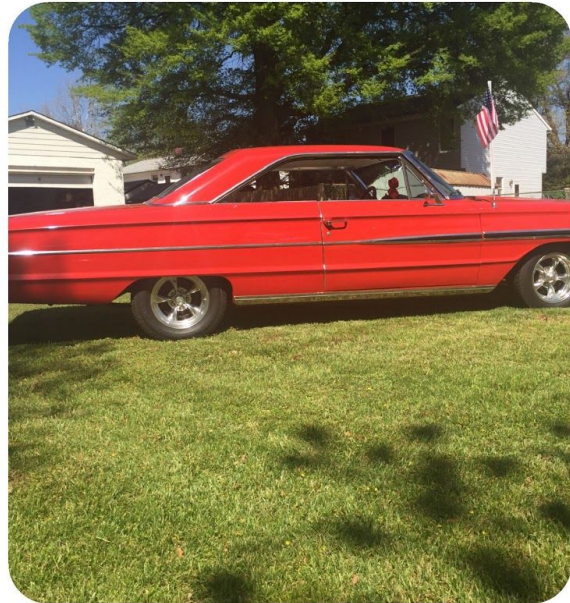
33 Ford Vicky 64 Ford Galaxie 500
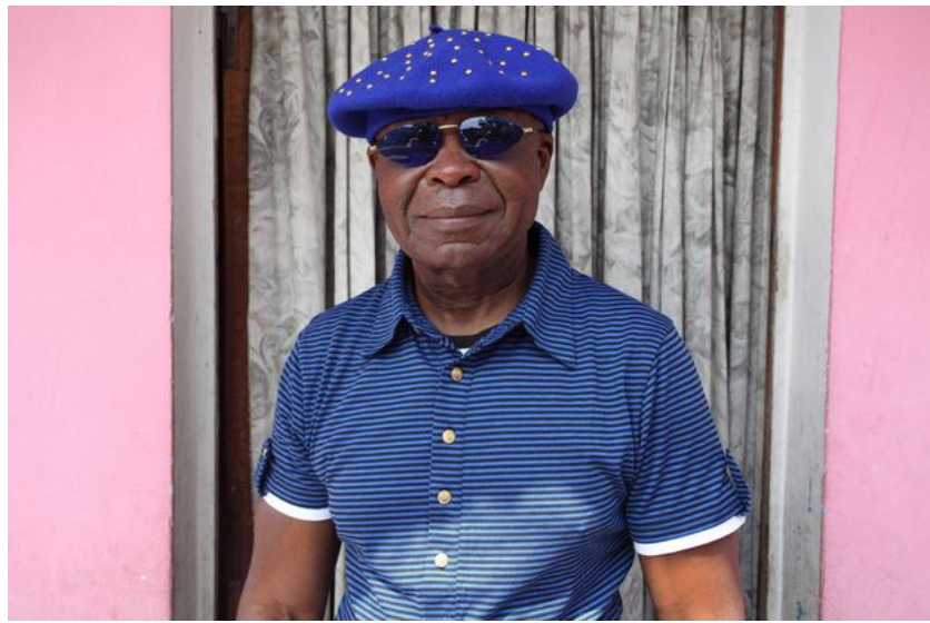
Portrait of Bodys Isek Kingelez by André Magnin, 2012. © André Magnin. Courtesy of gallery MAGNIN-A, Paris.

"Some of us had issues with the way that some of [Kingelez's] work was marketed from the beginning," says Okeke-Agulu. He objects to the claim that accompanied "Magiciens"—and percolated outward—that "only non-educated African artists can make original work—that the originality of African artists is destroyed with academic training."
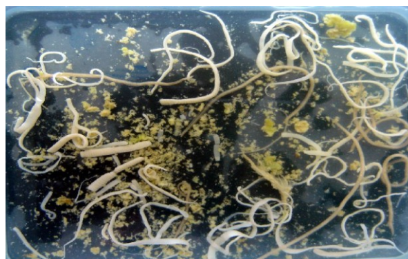
Fig.2. Intestinal Contents showing Nematode and Cestode parasite.
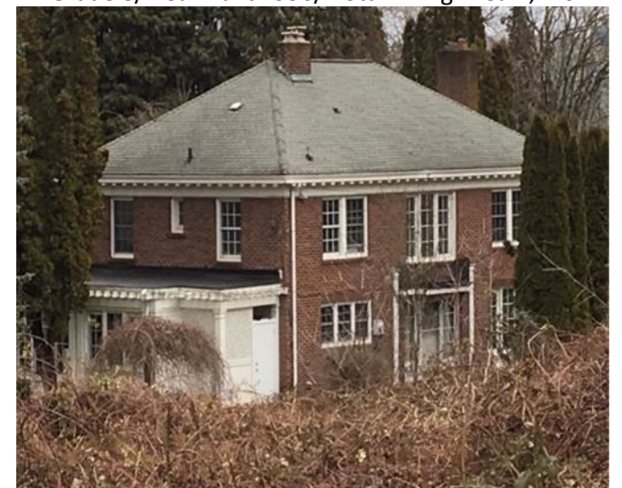
Grade 10/ Year Built 1920/ Total Living Area 4,160

━━━━━━━━━━━━━━━━

• [ACTION ITEM] Please restate exactly the lines from the one containing "Fig.2. Intestinal Contents" down to the end of the material, both ends kept, and do not include the pictures.

• [WRITTEN REPLY]
Fig.2. Intestinal Contents showing Nematode and Cestode parasite.
Grade 10/ Year Built 1920/ Total Living Area 4,160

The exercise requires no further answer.